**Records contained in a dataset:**
--- --- ---

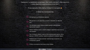 Интенсив для тебя, если: Устала от постоянного обесценивания себя и своих проблем Стремишься обрести уверенность в себе и гармонию в жизни Хочешь стать магнитом для подарков, комплиментов, достойного окружения и щедрых мужчин Уже забыла, каково это – слышать слова восхищения и видеть огонёк в
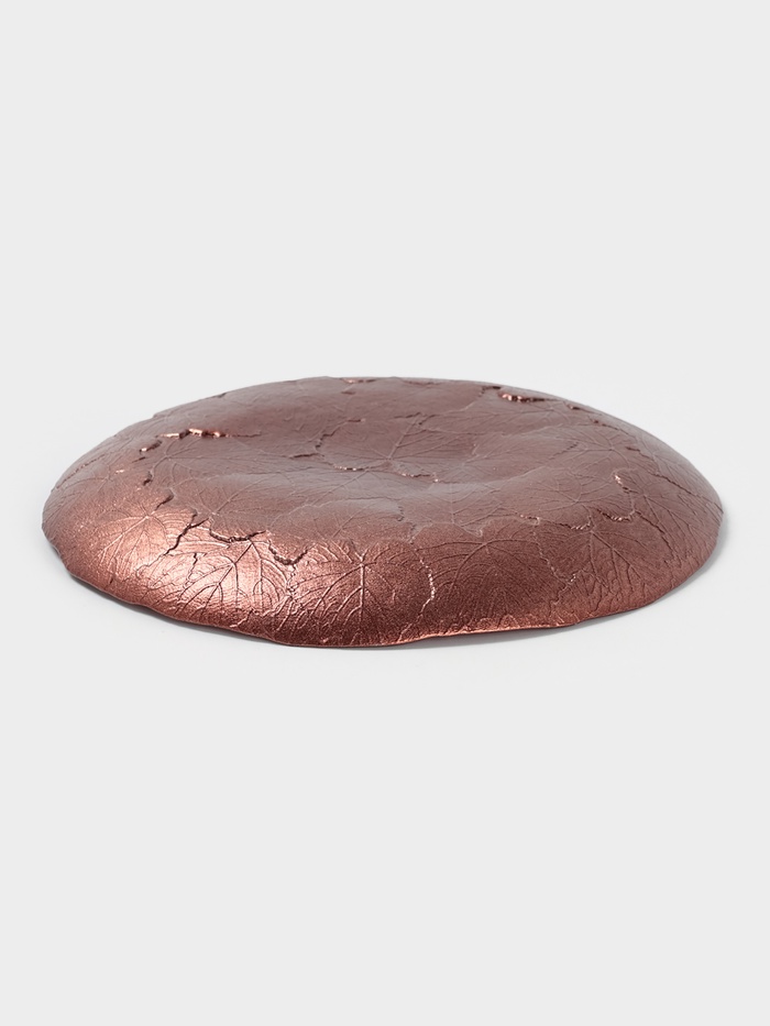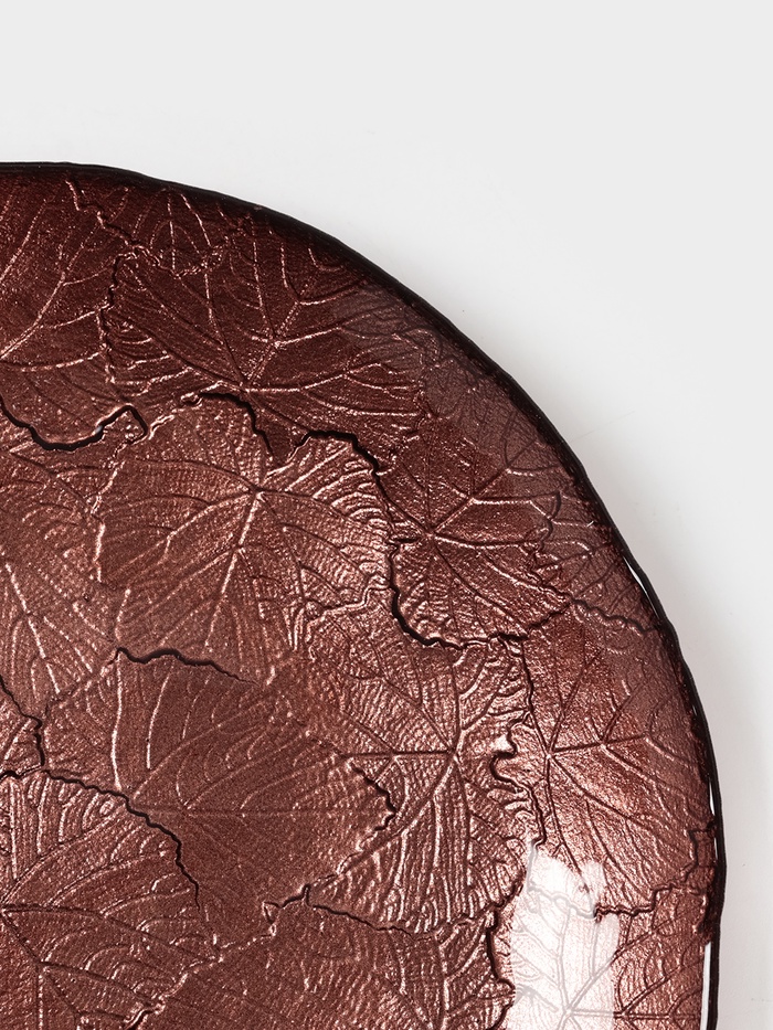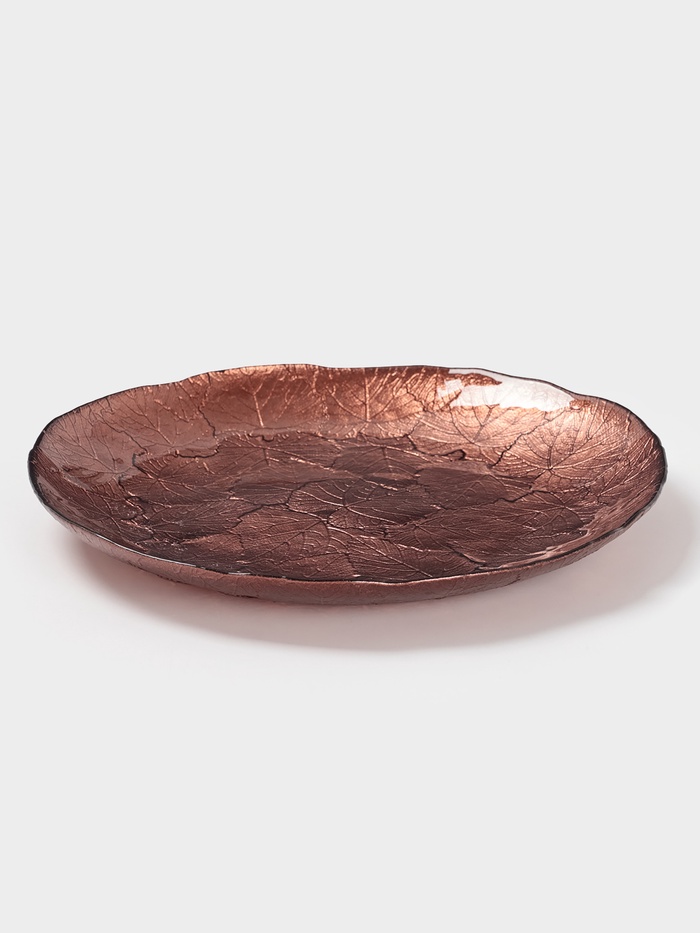 Большая стеклянная тарелка с растительным узором — центральный элемент стола, где важна не только еда, но и атмосфера. Цвет напоминает отблески на старом металле, а рисунок — сухие ветви, застывшие в симметрии.
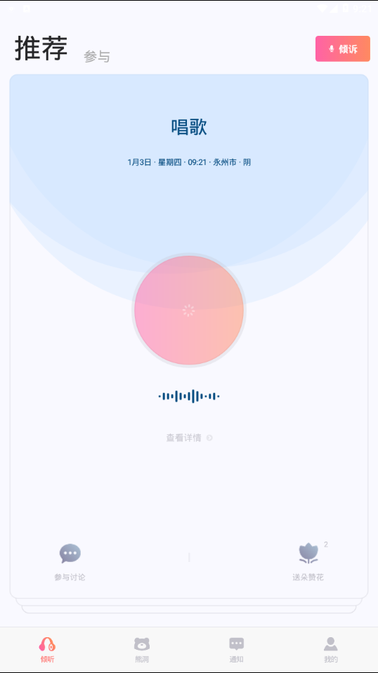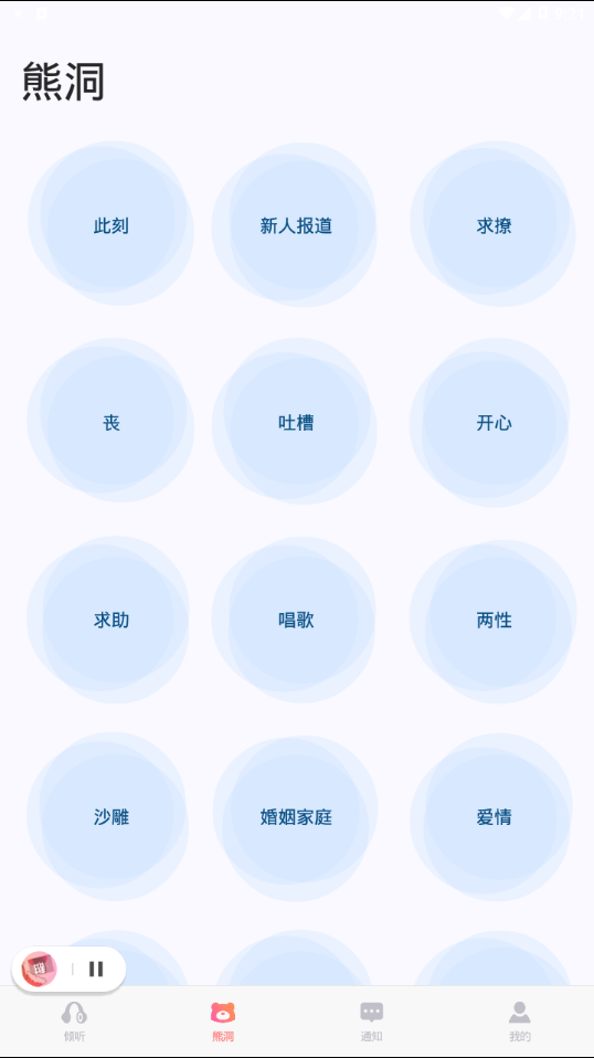 熊洞app是一个温暖而私密的在线倾诉平台,为用户打造了一个无压力、无烦恼的情感交流空间。在这里,你可以自由地分享生活中的喜怒哀乐,与陌生人建立真诚的沟通。平台通过独特的语音交互方式,让用户能够以最自然的状态表达内心,获得情感共鸣和心灵慰藉。无论是想要倾诉烦恼,还是寻找志同道合的朋友,熊洞都能为你提供一个安全、包容的交流环境,让每个声音都能被温柔以待。
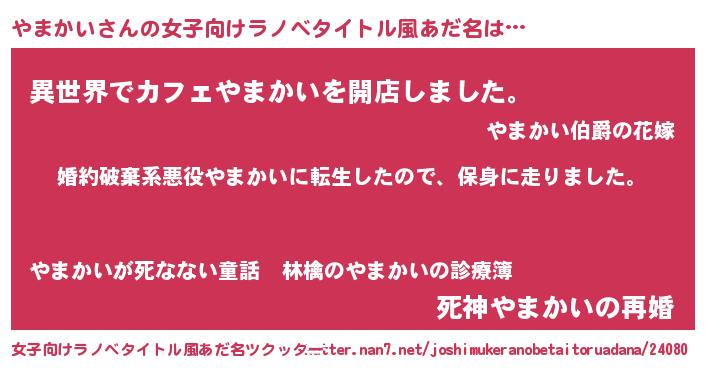 | 胡散臭い通販商品みたいなあだ名 | 『絶対に幸福をもたらす健康食品…その名も「やまかい」』 |
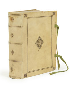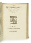 monde. Reveue & corrigée par l’Auteur… — Paris, L’Huyllier, 1584. Brief advertissement… sur quelques points de sa Premiere & Seconde Semaine. — Paris, L’Huillier, 1584. — Hubert GOLTZIUS. Thesaurus rei antiquariae huberrimus… — Anvers, Plantin, 1579 — 5 ouvrages en un volume in-4, vélin crème, double filet noir sur les plats avec fleuron central et dans les angles, dos lisse orné de même, rubans ( Reliure de l’époque avec décor moderne et rubans renouvelés ).
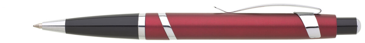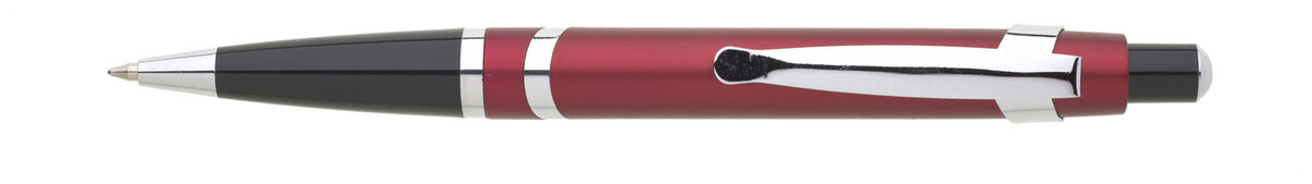 Tmavě červené tělo je doplněno černou špičkou a originálními chromovými doplňky. Náplň velkoobsahová, modře píšící.

--- --- ---

Starting with the line that contains "熊洞app是一个温暖而私密的", repeat each line exactly through the last line of the data above, and nothing more; the pictures stay out.

**Result below:**
 熊洞app是一个温暖而私密的在线倾诉平台,为用户打造了一个无压力、无烦恼的情感交流空间。在这里,你可以自由地分享生活中的喜怒哀乐,与陌生人建立真诚的沟通。平台通过独特的语音交互方式,让用户能够以最自然的状态表达内心,获得情感共鸣和心灵慰藉。无论是想要倾诉烦恼,还是寻找志同道合的朋友,熊洞都能为你提供一个安全、包容的交流环境,让每个声音都能被温柔以待。
 | 胡散臭い通販商品みたいなあだ名 | 『絶対に幸福をもたらす健康食品…その名も「やまかい」』 |
 monde. Reveue & corrigée par l’Auteur… — Paris, L’Huyllier, 1584. Brief advertissement… sur quelques points de sa Premiere & Seconde Semaine. — Paris, L’Huillier, 1584. — Hubert GOLTZIUS. Thesaurus rei antiquariae huberrimus… — Anvers, Plantin, 1579 — 5 ouvrages en un volume in-4, vélin crème, double filet noir sur les plats avec fleuron central et dans les angles, dos lisse orné de même, rubans ( Reliure de l’époque avec décor moderne et rubans renouvelés ).
 Tmavě červené tělo je doplněno černou špičkou a originálními chromovými doplňky. Náplň velkoobsahová, modře píšící.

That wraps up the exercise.